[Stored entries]
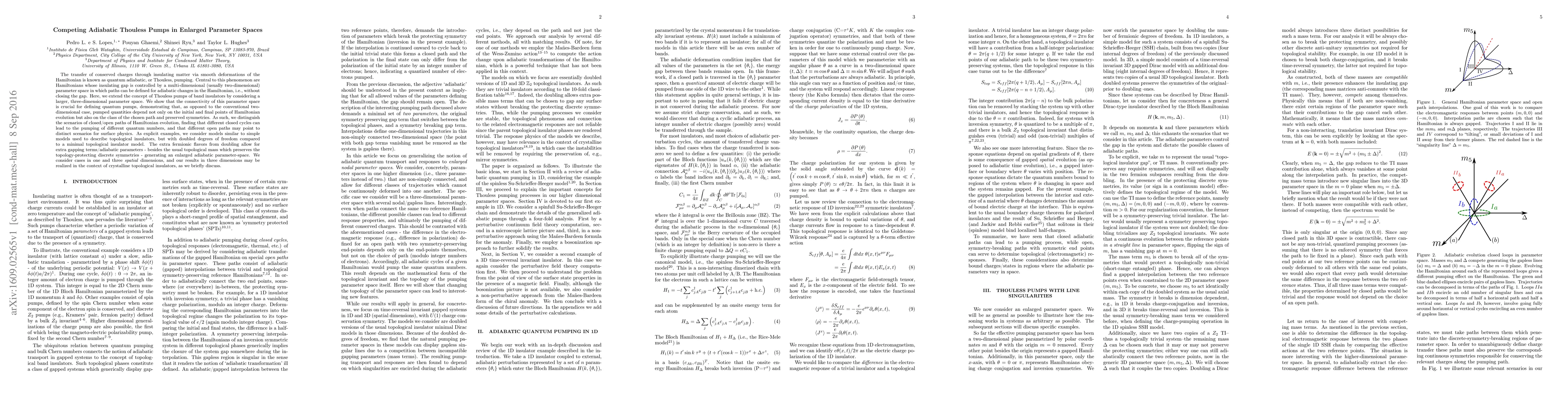 The transfer of conserved charges through insulating matter via smooth deformations of the Hamiltonian is known as quantum adiabatic, or Thouless, pumping. Central to this phenomenon are Hamiltonians whose insulating gap is controlled by a multi-dimensional (usually two-dimensional) parameter space in which paths can be defined for adiabatic changes in the Hamiltonian, i.e., without closing the gap. Here, we extend the concept of Thouless pumps of band insulators by considering a larger, three-dimensional parameter space. We show that the connectivity of this parameter space is crucial for defining quantum pumps, demonstrating that, as opposed to the conventional two-dimensional case, pumped quantities depend not only on the initial and final points of Hamiltonian evolution but also on the class of the chosen path and preserved symmetries. As such, we distinguish the scenarios of closed/open paths of Hamiltonian evolution, finding that different closed cycles can lead to the pumping of different quantum numbers, and that different open paths may point to distinct scenarios for surface physics. As explicit examples, we consider models similar to simple models used to describe topological insulators, but with doubled degrees of freedom compared to a minimal topological insulator model. The extra fermionic flavors from doubling allow for extra gapping terms/adiabatic parameters - besides the usual topological mass which preserves the topology-protecting discrete symmetries - generating an enlarged adiabatic parameter-space. We consider cases in one and three \emph{spatial} dimensions, and our results in three dimensions may be realized in the context of crystalline topological insulators, as we briefly discuss.
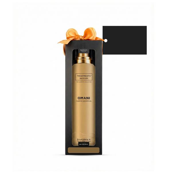 Pieniący się żel pod prysznic TREATMENTS, przeznaczony dla kobiet i mężczyzn, 200 ml, zapakowany w elegancki kartonik, sprawdzi się w codziennej pielęgnacji, dostępne różne warianty zapachowe: 03 – Ceylon, 06 – Mahayana, 08 – Omani, 11 – Uyuni, 16 – Zhejinag, 19 – Shinshiro, 21 – Verona, 98 – Samoa. Znakowanie produktu jest możliwe tylko na srebrnej lub złotej folii z czarnym nadrukiem albo na czarnej apli ze srebrnym lub złotym nadrukiem.
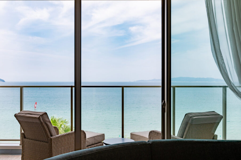 窓いっぱいに広がる青い海と、海外リゾートを思わせる空間の中で、写真映えも抜群の特別なひとときを。
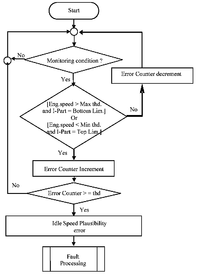 This diagnosis detects the stability of the idle speed. If the commanded idle speed and the actual idle speed is not within a calibrate able value, above or below commanded, in spite of an activated idle speed controller the idle speed is considered to be out of range.
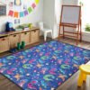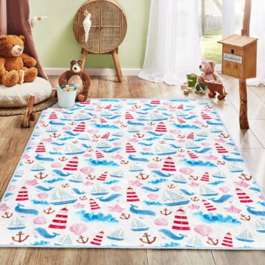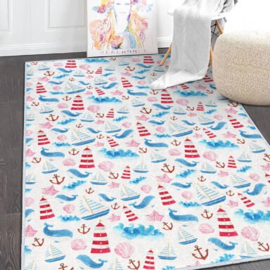 Deniz Temalı Çocuk Halısı: Mavi ve Kırmızı Yelkenler ile Sevimli Balinalar Desenli Yıkanabilir Kaymaz Taban Halı

#### [YOUR ASSIGNMENT]
Reproduce each line above exactly, but not a single picture.

#### [RESPONSE BOX]
 The transfer of conserved charges through insulating matter via smooth deformations of the Hamiltonian is known as quantum adiabatic, or Thouless, pumping. Central to this phenomenon are Hamiltonians whose insulating gap is controlled by a multi-dimensional (usually two-dimensional) parameter space in which paths can be defined for adiabatic changes in the Hamiltonian, i.e., without closing the gap. Here, we extend the concept of Thouless pumps of band insulators by considering a larger, three-dimensional parameter space. We show that the connectivity of this parameter space is crucial for defining quantum pumps, demonstrating that, as opposed to the conventional two-dimensional case, pumped quantities depend not only on the initial and final points of Hamiltonian evolution but also on the class of the chosen path and preserved symmetries. As such, we distinguish the scenarios of closed/open paths of Hamiltonian evolution, finding that different closed cycles can lead to the pumping of different quantum numbers, and that different open paths may point to distinct scenarios for surface physics. As explicit examples, we consider models similar to simple models used to describe topological insulators, but with doubled degrees of freedom compared to a minimal topological insulator model. The extra fermionic flavors from doubling allow for extra gapping terms/adiabatic parameters - besides the usual topological mass which preserves the topology-protecting discrete symmetries - generating an enlarged adiabatic parameter-space. We consider cases in one and three \emph{spatial} dimensions, and our results in three dimensions may be realized in the context of crystalline topological insulators, as we briefly discuss.
 Pieniący się żel pod prysznic TREATMENTS, przeznaczony dla kobiet i mężczyzn, 200 ml, zapakowany w elegancki kartonik, sprawdzi się w codziennej pielęgnacji, dostępne różne warianty zapachowe: 03 – Ceylon, 06 – Mahayana, 08 – Omani, 11 – Uyuni, 16 – Zhejinag, 19 – Shinshiro, 21 – Verona, 98 – Samoa. Znakowanie produktu jest możliwe tylko na srebrnej lub złotej folii z czarnym nadrukiem albo na czarnej apli ze srebrnym lub złotym nadrukiem.
 窓いっぱいに広がる青い海と、海外リゾートを思わせる空間の中で、写真映えも抜群の特別なひとときを。
 This diagnosis detects the stability of the idle speed. If the commanded idle speed and the actual idle speed is not within a calibrate able value, above or below commanded, in spite of an activated idle speed controller the idle speed is considered to be out of range.
 Deniz Temalı Çocuk Halısı: Mavi ve Kırmızı Yelkenler ile Sevimli Balinalar Desenli Yıkanabilir Kaymaz Taban Halı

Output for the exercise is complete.